6.  Conditions of Obligations of the Underwriters.  The several
obligations of the Underwriters to purchase the Firm Shares on the
Closing Date and the Option Shares, if any, on the Option Closing
Date are subject to the accuracy, as of the Closing Date or the
Option Closing Date, as the case may be, of the representations and
warranties of the Company contained herein, and to the performance
by the Company of its covenants and obligations hereunder and to
the following additional conditions:

     (a)  No stop order suspending the effectiveness of the
Registration Statement, as amended from time to time, shall have
been issued and no proceedings for that purpose shall have been
taken or, to the knowledge of the Company, shall be contemplated by
the Commission.

     (b)  The Representatives shall have received on the Closing
Date or the Option Closing Date, as the case may be, the opinion of
Shumaker, Loop & Kendrick, counsel for the Company, dated the
Closing Date or the Option Closing Date, as the case may be,
addressed to the Underwriters to the effect that:

          (i)  The Company has been duly incorporated and is
validly existing as a corporation in good standing under the laws
of the State of Delaware, with corporate power and authority to own
its properties and conduct its business as described in the
Prospectus.

          (ii)  The Company is duly qualified to transact business
in all jurisdictions in which the conduct of its business requires
such qualification, and in which the failure to qualify would have
a materially adverse effect upon the business of the Company.

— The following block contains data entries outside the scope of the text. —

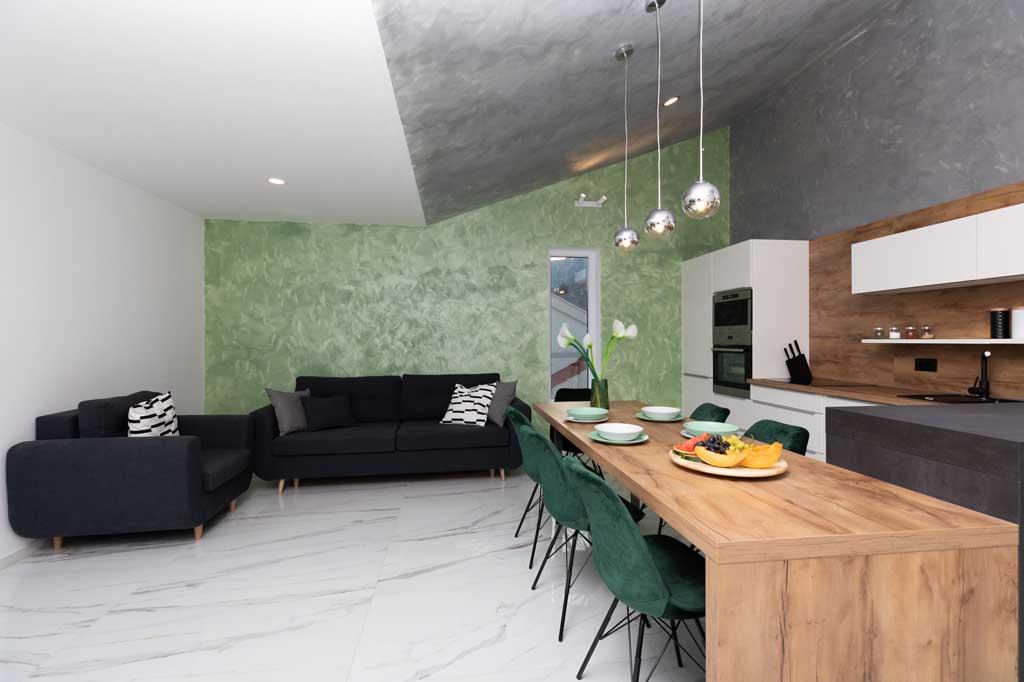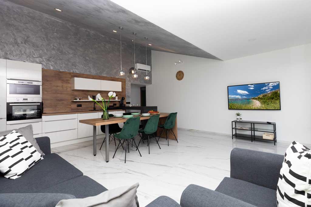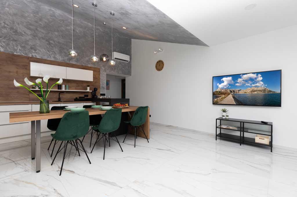 Hay un gran supermercado y una oficina de correos a solo 700 my la ciudad más cercana de Omis está a 10 km. La ciudad de Split está a 30 km.
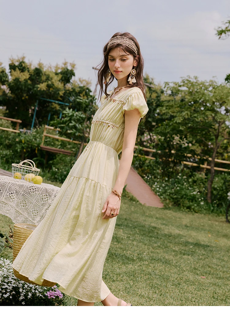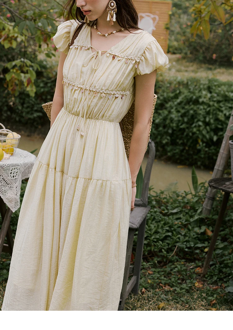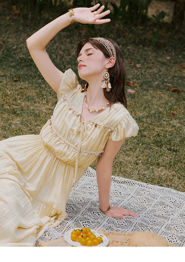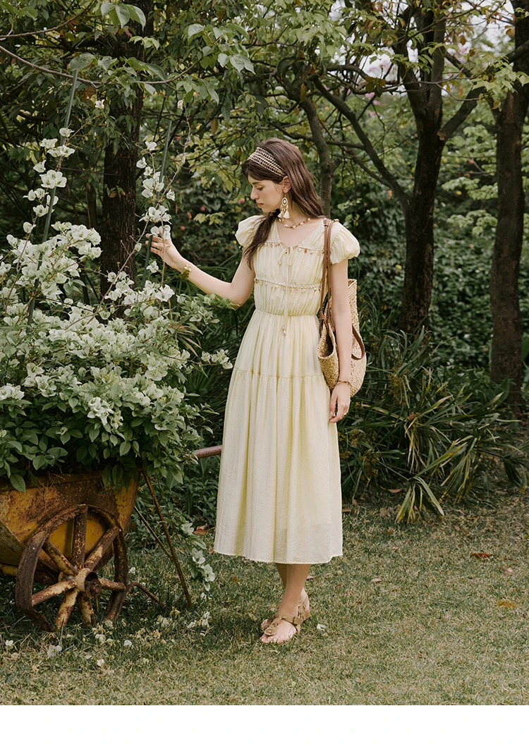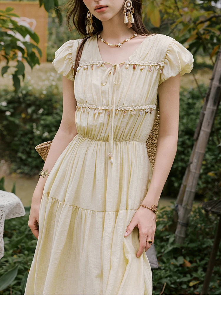 MISHOW Holiday Summer Dresses Women 2025 Solid V-neck Short Puff Sleeve Shell Ribbon High Waist Dress Woman Fashion MXE33L2193
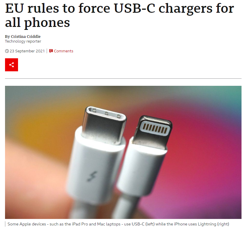 하지만, 변수가 생겼다. 2024년부터 유럽연합에서 판매되는 모든 스마트폰에 USB-C 타입 충전기를 사용해야 하는 제약을 걸린 것이다. 폐기된 충전 케이블과 사용되지 않은 충전 케이블이 연간 11,000톤 이상의 폐기물을 발생시킨다는 것이 그 이유다. USB-C 타입으로 스마트폰 포트 규격을 통일한다면 불필요하게 충전기를 구매하지 않고 기존에 사용하던 충전기를 재사용해 환경을 보호하겠다는 의지를 나타낸 것이다. 애플은 이 같은 유럽연합의 결정에 반대 의견을 피력했다. USB-C 타입으로 일괄 변경할 경우 애플에서 기존 사용되던 라이트닝 포트 충전기들이 모두 무용지물이 되어 폐기물을 오히려 늘리는 형국이란 것이다. 하지만, 이런 반대 의견은 설득력을 얻지 못하고 있다. 이미 맥이나 아이패드에서는 USB-C 타입을 사용하고 있기 때문이다.
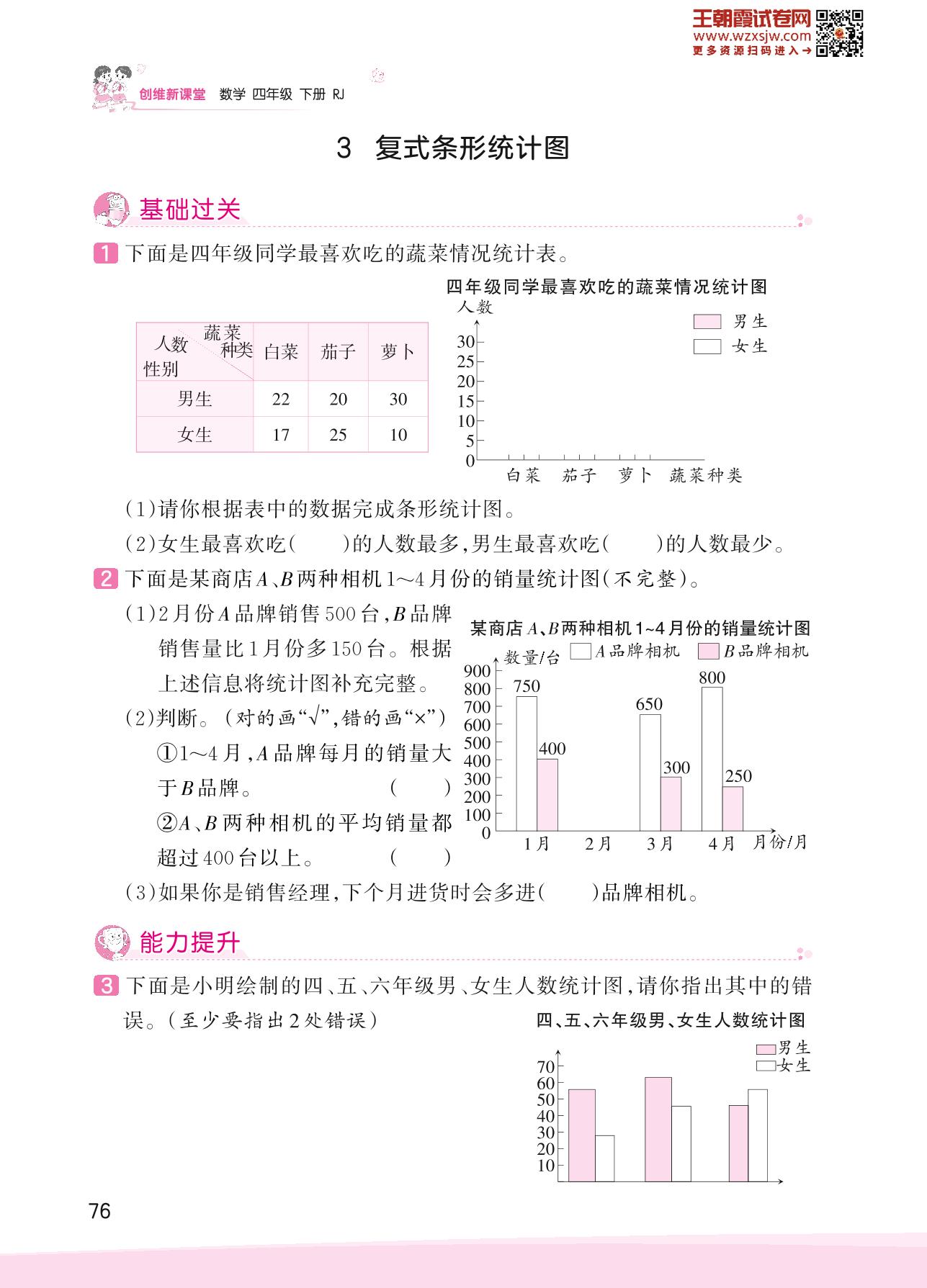 2023下册四年级数学人教版 八 平均数与条形统计图——3 复式条形统计图
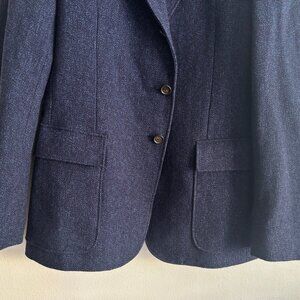 The jacket has a notch lapel, features patch pocketswith flaps and is single vented. The fabric is a wool cotton blend dark navy flecked with a lighter blue. Made in Italy. It is a 3 button jacket with a 3 roll two construction.
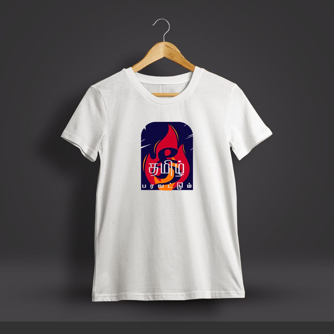 Tamil Thee Paravattum Printed T-Shirt is a fiery tribute to Tamil pride, symbolizing the unbreakable spirit of the language and its passionate speakers.
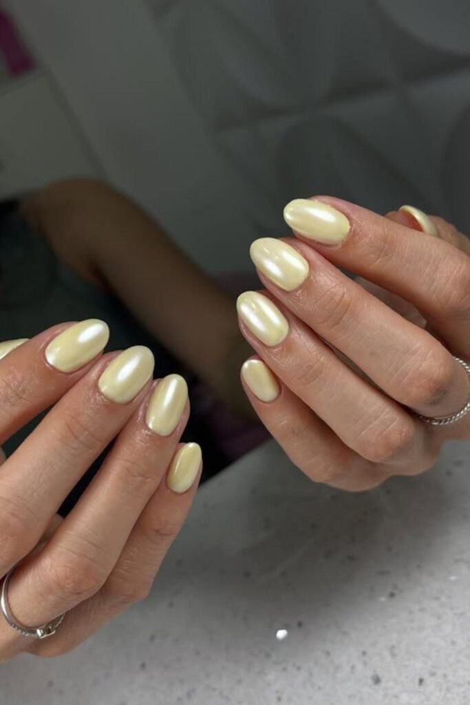 Pearl yellow glow uses a pearl finish over a soft yellow base. The shine is smooth, not glittery, giving a clean glow.
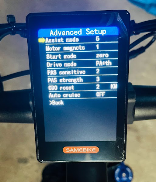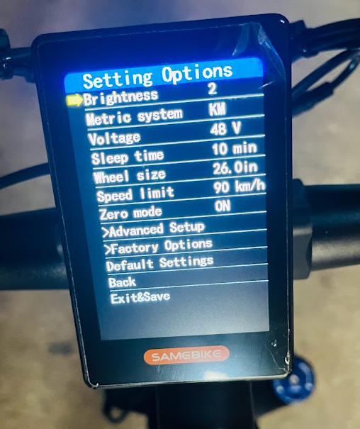 E-bike obsahuje aj skryté menu, ktoré sa aktivuje podržaním šípok, tam je možné nastaviť maximálnu rýchlosť z 25 km / hod. na vyššiu, pri teste e-bike dosahuje rýchlosť cca 42 km / hod. pri jazdcovi s váhou 86 kg, v skrytom menu je možné aj aktivovať alebo deaktivovať zero štart, kedy e-bike ťahá od 0 km / hod. stlačením akcelerátora
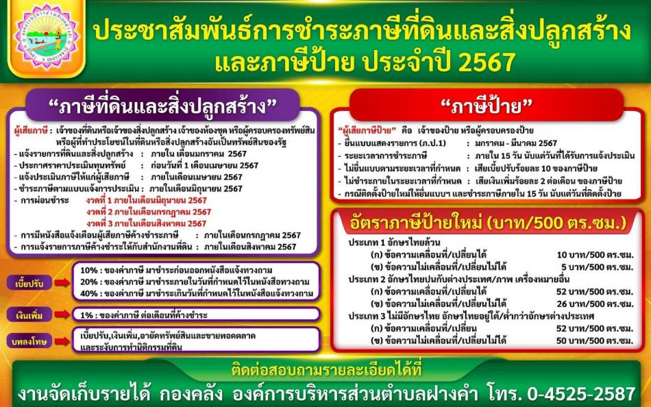 ประชาสัมพันธ์เกี่ยวกับการรับชำระภาษีท้องถิ่น และค่าธรรมเนียมต่างๆ ประจำปี 2568 [4 ธันวาคม 2567]

          (iii)  The Company has authorized and outstanding capital
stock as set forth under the caption "Capitalization" in the
Prospectus; the authorized shares of its Common Stock have been
duly authorized; the outstanding shares of its Common Stock have
been duly authorized and validly issued and are fully paid and non-
assessable; all of the Shares conform in all material respects to
the description thereof contained in the Prospectus; the
certificates for the Shares are in due and proper form; the shares
of Common Stock, including the Option Shares, if any, to be sold by
the Company pursuant to this Agreement have been duly authorized
and will be validly issued, fully paid and non-assessable when
issued and paid for as contemplated by this Agreement; and no
preemptive or similar rights of stockholders exist with respect to
any of the Shares or the issue and sale thereof.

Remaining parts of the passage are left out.